2. **Budget at risk (10 – 25 % remaining)** — Feature work continues, but every
   PR touching the affected endpoint requires SRE sign-off, and a reliability
   task must be opened with priority `high`.
3. **Budget exhausted (≤ 10 % remaining or projected to exhaust within 7 days)**
   — Feature freeze on the affected endpoint. Only reliability fixes, rollbacks
   and config changes ship until the budget recovers above 25 %.
4. **Budget overspent (negative)** — Incident is declared; the on-call commander
   owns the freeze and the recovery plan.
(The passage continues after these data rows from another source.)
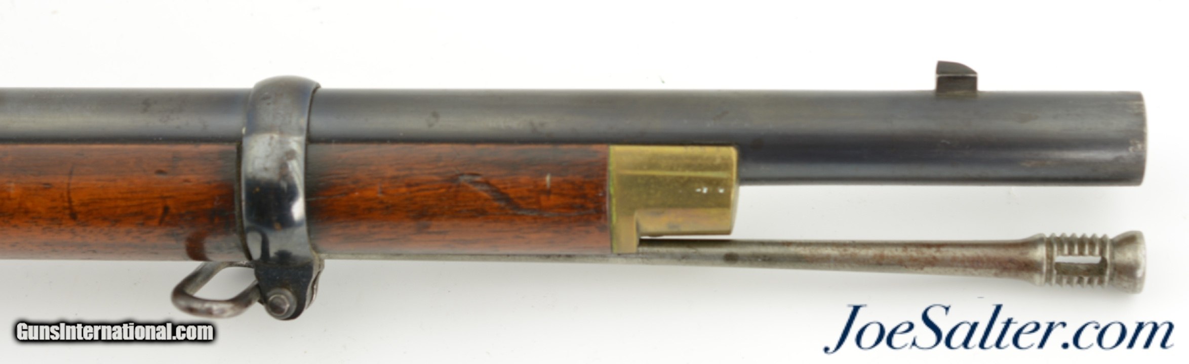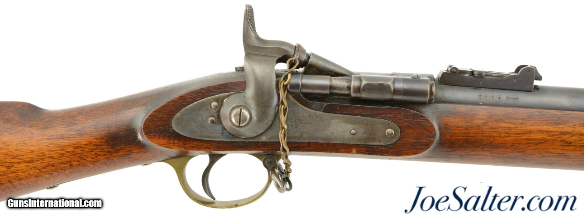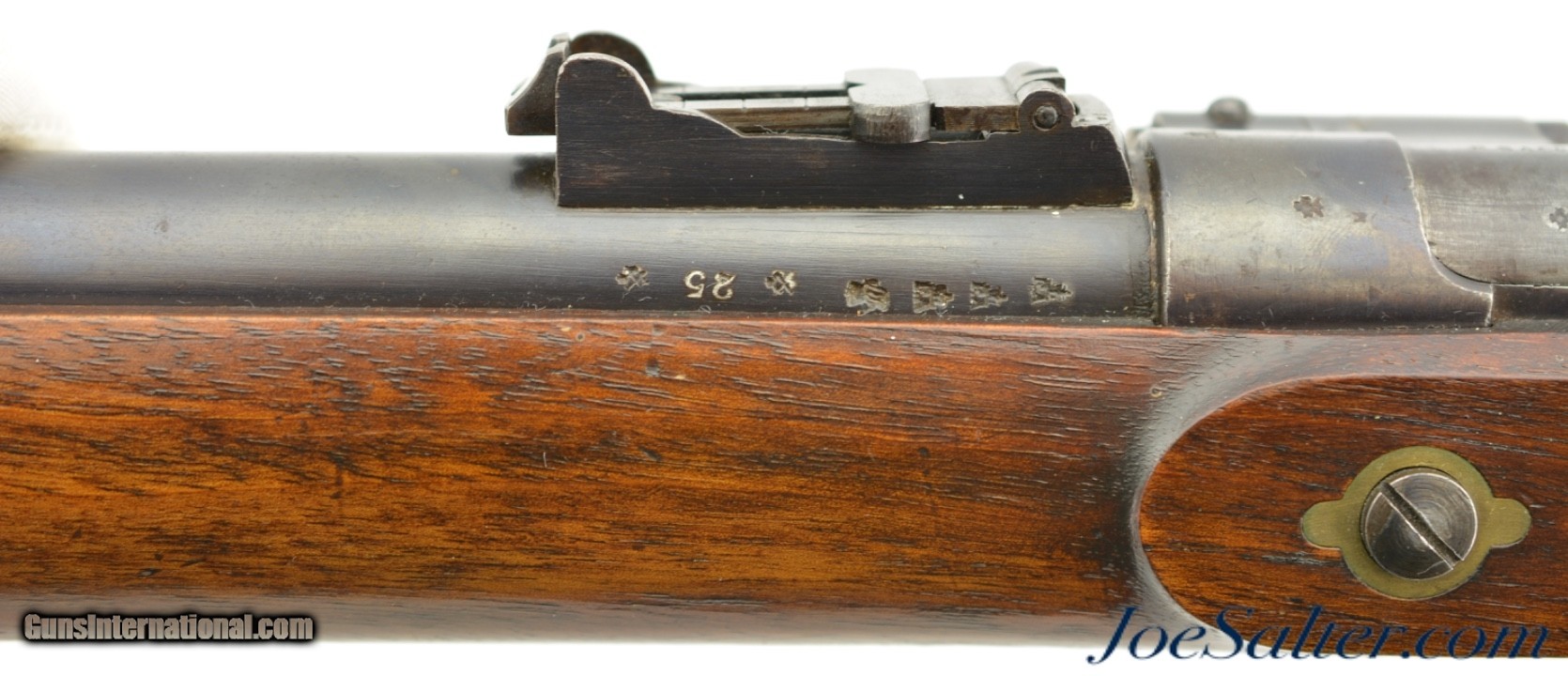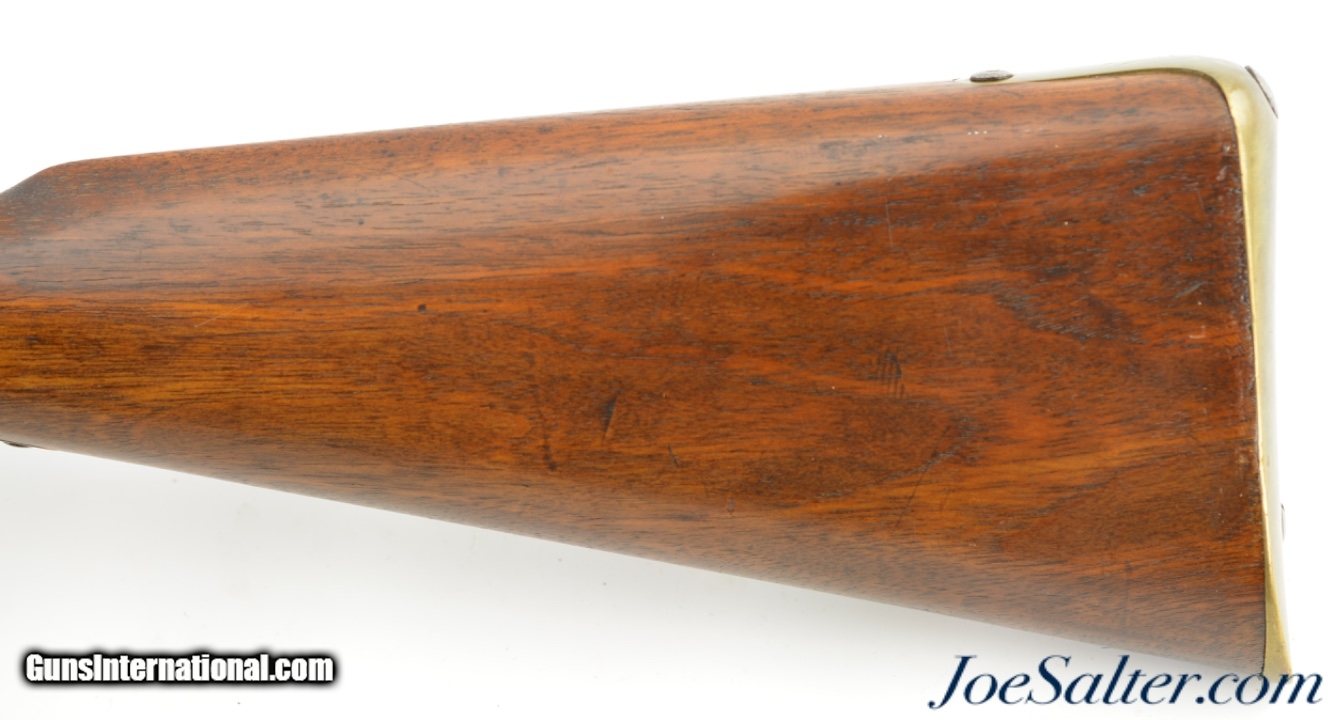 Description: Serial #7444, .577 Snider, 36 1/2" barrel with and excellent, bright bore. This is a truly handsome, BSA-made rifle has 85-90% of the original blue remaining on the barrel, with some freckling and traces of a warm, plum-brown patina on the balance. Much of the original color case-hardening remains on the "BSA Co. / 1869"-marked lock. The breechblock retains a commensurate amount of color case-hardening, while the brass trigger guard, nosecap, and buttplate have a mild yellow-ochre patina. The walnut stock has few handling marks in the original oil finish, and a retail or club stamp is present on the left side opposite the lock: "FIELD RIFLE Co. / BIRMINGHAM." An original ramrod is included, and the chained firing pin protector is still in place. The action lock-up is tight and fully functional. These well-made rifles were used in military rifle matches, and this example is fine-near excellent condition overall. Antique SOLD |
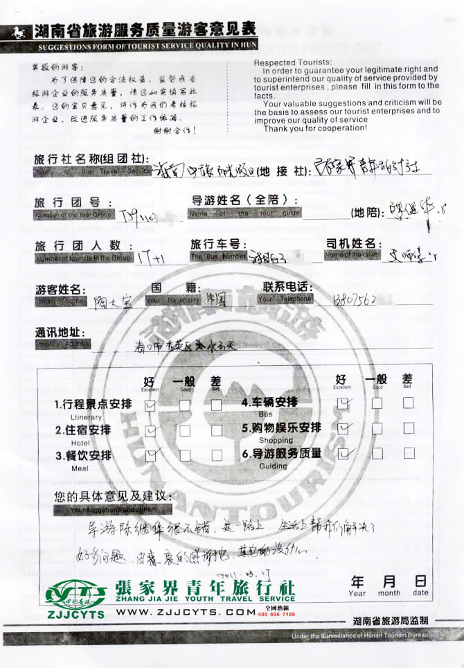 海南?谑“陶先生”與張家界青旅旅游顧問——曹娟在3月08日取得聯(lián)系,經(jīng)過2次的商談,雙方達成協(xié)議并簽訂了《國內(nèi)旅游組團標準合同》,于3月13日晚上抵達張家界,之后便開始了愉快的湘西之旅。 此次行程是由我們優(yōu)秀導游——陳繼華,負責旅游接待工作,陳繼華導游在旅游過程中,服務周到,景點講解詳細,客人非常滿意。并給予“導游很不錯,我們由衷的感謝他”等好評!
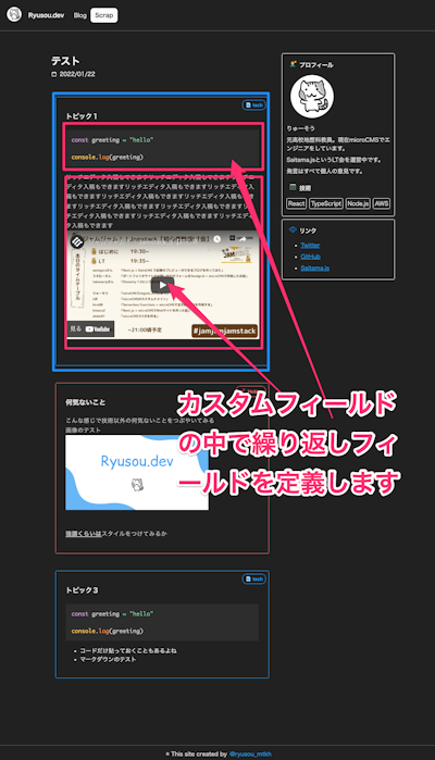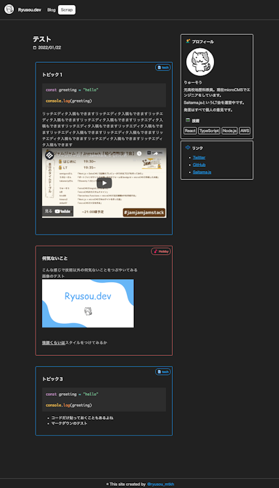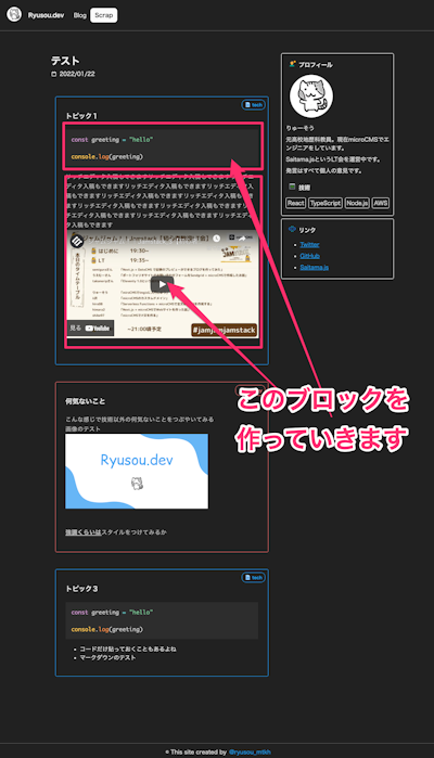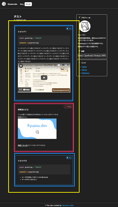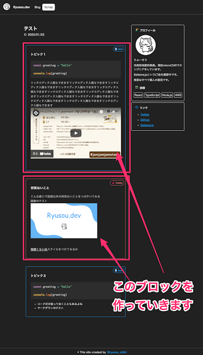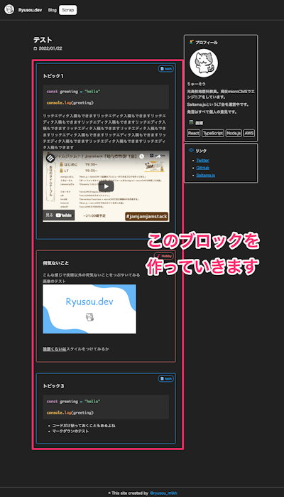 題材としてそれぞれのトピックごとにブロックで分かれつつも連続した記事を投稿する仕組みを作成してみます。

The policy is enforced manually today; automation (PR labels, deploy gates) is
out of scope for this baseline ticket and tracked separately.

---

## 6. Implementation

The SLIs and burn-rate alerts above are implemented in
[`monitoring/prometheus/rules/slo.yaml`](../../monitoring/prometheus/rules/slo.yaml).

The file defines:

- One **recording-rule** group per endpoint (`slo:request:ratio_rate_<window>`,
  `slo:latency:ratio_rate_<window>`) for the windows used by the burn-rate
  alerts (5 m, 30 m, 1 h, 2 h, 6 h, 1 d, 3 d). Recording the ratios up front
  keeps the alerting expressions readable and cheap.
- One **alerting-rule** group per endpoint with the four burn-rate alerts for
  availability and latency.

`monitoring/prometheus/prometheus.yml` already loads `*.yml` from the rules
directory via the `rule_files` block; the new `rules/` subdirectory is included
when the Prometheus container starts (see § 6.1 below).

### 6.1 Prometheus configuration

`prometheus.yml` is updated to glob both the legacy `alert-rules.yml` and the
new `rules/` directory:

```yaml
rule_files:
  - 'alert-rules.yml'
  - 'rules/*.yaml'
```

Reload Prometheus in dev with:

```bash
docker compose -f docker-compose.monitoring.yml kill -s SIGHUP prometheus
```

In production, the same SIGHUP is delivered by the deploy pipeline.

---

## 7. Dashboard

A Grafana dashboard is being built in [GOO-120](/GOO/issues/GOO-120). It will
expose:

- Per-endpoint SLO compliance (current 30-day window vs. target).
- Remaining error budget (absolute requests + percentage).
- Burn-rate over the last 1 h / 6 h / 24 h / 3 d.
- Drill-down: latency histogram + status-code breakdown.

This document will be updated with the dashboard URL once the panel is provisioned.

---

## 8. Review cadence

- **Monthly**: SRE reviews actual burn vs. target and the alert noise budget;
  thresholds are tightened or relaxed in this document via PR.
- **Quarterly**: Product + SRE jointly re-prioritise the endpoint list (top 5
  may change as new revenue surfaces ship).

Changes to SLO numbers, the endpoint list, or the burn-rate matrix MUST go
through PR review and reference this file.